* Exercise brief *
Reproduce exactly only the lines from the line that holds "Ma mère Raymonde" to the line that holds "POSSIBLE SECTION 106", inclusive, in the listing below, and please leave out every picture.

* Entries supplied *
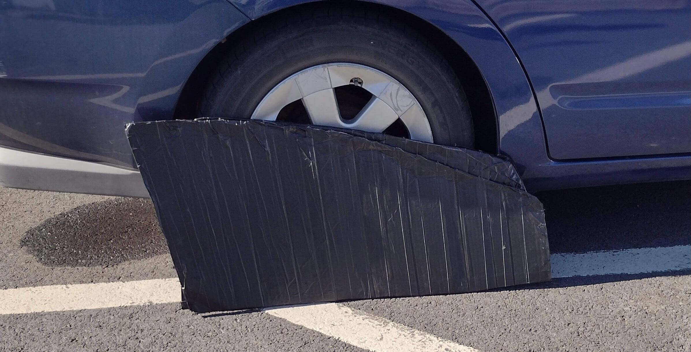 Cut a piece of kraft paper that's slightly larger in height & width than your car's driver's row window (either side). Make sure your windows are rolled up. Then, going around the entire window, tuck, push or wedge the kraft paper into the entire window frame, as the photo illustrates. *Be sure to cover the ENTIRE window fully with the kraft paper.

* * *

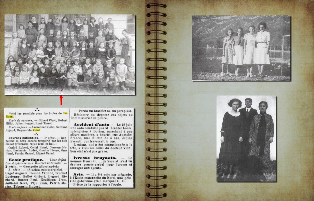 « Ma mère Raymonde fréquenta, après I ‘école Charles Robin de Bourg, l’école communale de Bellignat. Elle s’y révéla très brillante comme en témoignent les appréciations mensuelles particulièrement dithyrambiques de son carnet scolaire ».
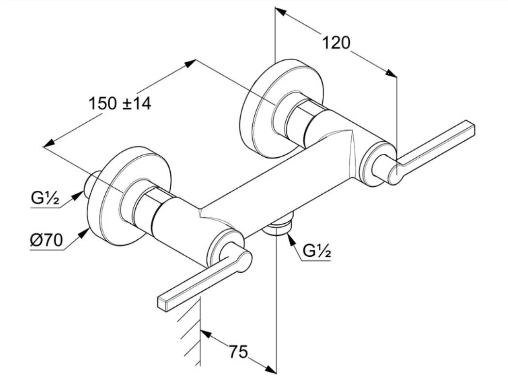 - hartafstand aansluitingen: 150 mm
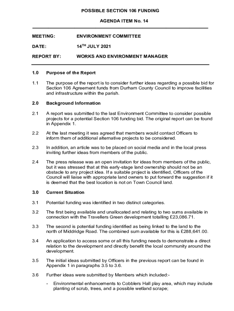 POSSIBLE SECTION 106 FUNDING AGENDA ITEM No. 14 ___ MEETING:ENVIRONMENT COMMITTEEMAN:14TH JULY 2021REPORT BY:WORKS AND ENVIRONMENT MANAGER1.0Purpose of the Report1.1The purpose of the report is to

...

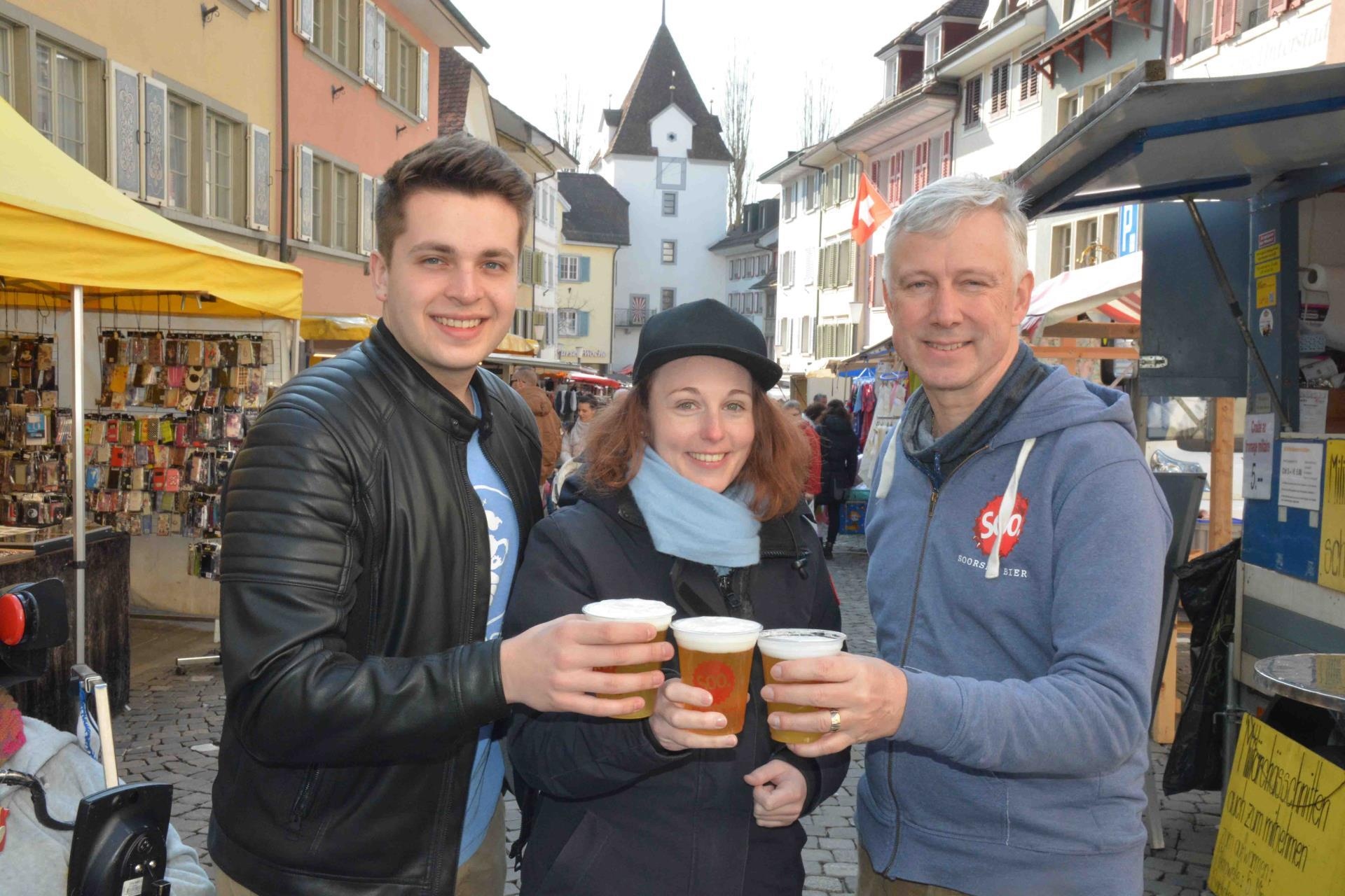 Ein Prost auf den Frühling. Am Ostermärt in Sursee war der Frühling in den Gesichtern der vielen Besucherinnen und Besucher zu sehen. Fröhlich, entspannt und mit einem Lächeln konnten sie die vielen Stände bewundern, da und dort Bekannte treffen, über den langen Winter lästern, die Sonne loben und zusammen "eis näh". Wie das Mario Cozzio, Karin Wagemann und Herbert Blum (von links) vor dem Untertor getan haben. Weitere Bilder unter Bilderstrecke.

* Task output *
 « Ma mère Raymonde fréquenta, après I ‘école Charles Robin de Bourg, l’école communale de Bellignat. Elle s’y révéla très brillante comme en témoignent les appréciations mensuelles particulièrement dithyrambiques de son carnet scolaire ».
 - hartafstand aansluitingen: 150 mm
 POSSIBLE SECTION 106 FUNDING AGENDA ITEM No. 14 ___ MEETING:ENVIRONMENT COMMITTEEMAN:14TH JULY 2021REPORT BY:WORKS AND ENVIRONMENT MANAGER1.0Purpose of the Report1.1The purpose of the report is to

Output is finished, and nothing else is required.